Farzad Mostashari (Mar 12 2020 at 17:46):
it will be the new "snowdays.com"
Josh Mandel (Mar 12 2020 at 17:47):
I definitely had to google that.
Josh Mandel (Mar 12 2020 at 17:52):
So @Farzad Mostashari can we start with a kind of spreadsheet model of inputs / outputs?
Josh Mandel (Mar 12 2020 at 17:53):
I've made a template here.
Josh Mandel (Mar 12 2020 at 17:56):
Can we turn the following into something plausible?
Arien Malec (Mar 12 2020 at 18:01):
To be clear:
Scope - Risk scoring for patients with FLIs suspected of Covid-19
Inputs - Demographics, Dx history, other risk factors
Output - categorical risk score
Correct?
Arien Malec (Mar 12 2020 at 18:07):
Sample inputs and illustrative output:
5 yo, non-smoker, no relevant risk factors => low
49yo male, non-smoker, Leukemia => moderate (I hope)
65yo female, smoker, diabetes => high
82yo male, smoker, COPD, CVD => very high
Josh Mandel (Mar 12 2020 at 18:08):
That matches my expectations for the kinds of inputs and outputs. @Farzad Mostashari ?
Arien Malec (Mar 12 2020 at 18:18):
Proposal: Use the crude CFR as a proxy for risk.
e.g.
https://ourworldindata.org/coronavirus#the-definition-of-the-case-fatality-rate-cfr
Unfortunately, the two axes (age and co-mobidities) are highly entangled, but the crudest possible risk scoring methodology would use age as the primary driver, & co-morbidity(ies) as the secondary risk factor.
Arien Malec (Mar 12 2020 at 18:18):
If only we had an epidemiologist on call?
Arien Malec (Mar 12 2020 at 18:28):
A more sophisticated approach would look at the individual contributions of co-morbidity risk to age based on the base rates for each age category.
Arien Malec (Mar 12 2020 at 19:00):
I did a crude V1 based on the CDC China risk factors and assuming independent contribution, but everything parameterized via lookups so easy to change.
Farzad Mostashari (Mar 12 2020 at 19:17):
If we use CFR, then would need some estimate of the baseline prevalence of the conditions (and ideally their cross correlations) within the exposed population. So, if cancer is 5x as likely in the elderly, but only associated with a 50% increase in CFR, then maybe its protective.
Farzad Mostashari (Mar 12 2020 at 19:18):
The other source of data would be where we know the universe of the exposed population- cruise ships, and contact investigations. Look at those severely ill among the total exposed/ infected
Farzad Mostashari (Mar 12 2020 at 19:19):
(...and I'm trying to run a company on the side, damnit)
Arien Malec (Mar 12 2020 at 19:52):
Yes, the V1 is ultra-crude and can easily lead to adjusted CFR > 100%. The CDC data was based on Wuhan outbreak, so need Wuhan dx prevalence. At the same time the vectors are pointing in the right direction, modulo unknowns.
Arien Malec (Mar 12 2020 at 19:56):
Because all the comoribidities in the CDC Wuhan data show 6x-11x relative risk, there's no way any of them are protective, but we don't know the effect on multiple morbidity.

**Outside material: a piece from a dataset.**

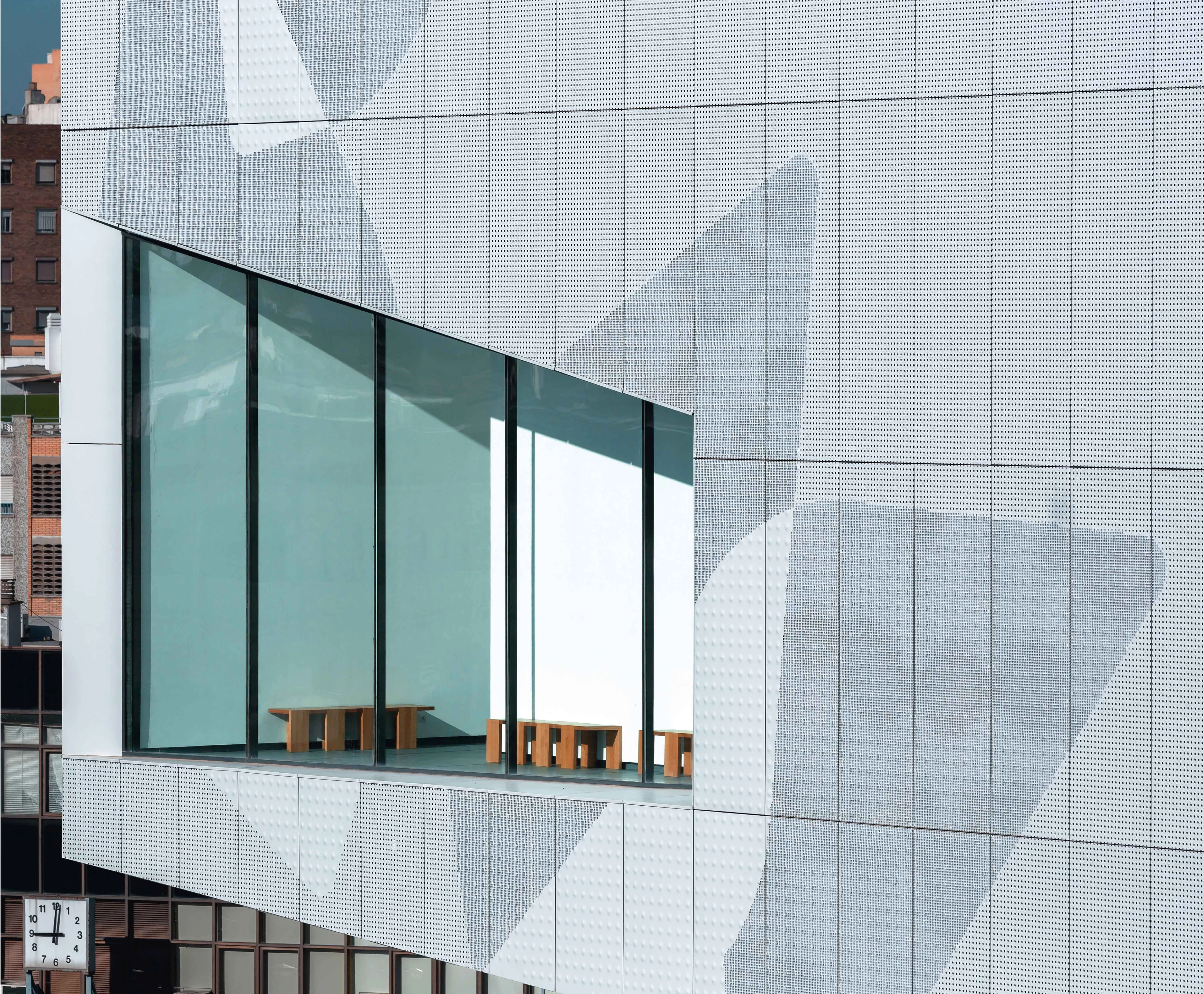 Los diferentes grados de embutición o perforación de las bandejas de aluminio que configuran la fachada confieren un aspecto cambiante al edificio: rotundo y macizo durante el día; translúcido y evanescente en la noche.

As an example, the crude model shows a 49 year old with All The Diseases has higher risk than an 89yo person with no health issues. Which factor drives more? :shrug:♂️
Josh Mandel (Mar 12 2020 at 19:58):
So @Farzad Mostashari, is your goal to run these risk calculations speculatively across your ambulatory population of not-yet-sick folks, to see who's at risk for the worst outcomes if they get sick?
Arien Malec (Mar 12 2020 at 20:04):
Chinese diabetes prevalence is in line with US, just running slightly behind (11% total pop, ~20% for older Chinese)

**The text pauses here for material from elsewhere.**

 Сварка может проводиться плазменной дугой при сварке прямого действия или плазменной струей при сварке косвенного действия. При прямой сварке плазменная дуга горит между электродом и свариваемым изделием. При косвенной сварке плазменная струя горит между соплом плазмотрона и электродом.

https://jamanetwork.com/journals/jama/fullarticle/2633917
So the increase in risk for T1/T2DM is at least partly orthogonal to age.
Same trend for HTN.
https://www.ahajournals.org/doi/suppl/10.1161/CIRCULATIONAHA.117.032380
Josh Mandel (Mar 12 2020 at 20:11):
Can you help me understand where the base rates come into play? Without source data from outbreaks with rows per-case listing (age, DM?, HTN?, died?)
, how do you try to figure out how much each factor contributes? e.g., even for something like a simple regression...

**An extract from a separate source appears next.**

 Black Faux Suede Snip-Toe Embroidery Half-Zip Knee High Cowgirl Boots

Arien Malec (Mar 12 2020 at 20:38):
Sure -- data is from here:
https://www.who.int/docs/default-source/coronaviruse/who-china-joint-mission-on-covid-19-final-report.pdf
I used the primary CFR based on the China CDC data represented in the URL I linked to above.
The co-morbidity adjuster was done as a multiplier off base rate for age, based on a multiplier using the overall the base CFR and the CFR for individuals with the selected co-morbidity and treating this as orthogonal. This is obviously wrong, but directionally correct?
It would be better to use Bayes' Rule or some such, but I opted for a crude V1.
Arien Malec (Mar 12 2020 at 20:45):
Sorry, data is not from the WHO report (amusingly, this was originally autocorrected to The Who) but from the "ourworldindata" sit, supposedly abstracted from China CDC data.
I'm trying to see if I can find the sources for the raw data.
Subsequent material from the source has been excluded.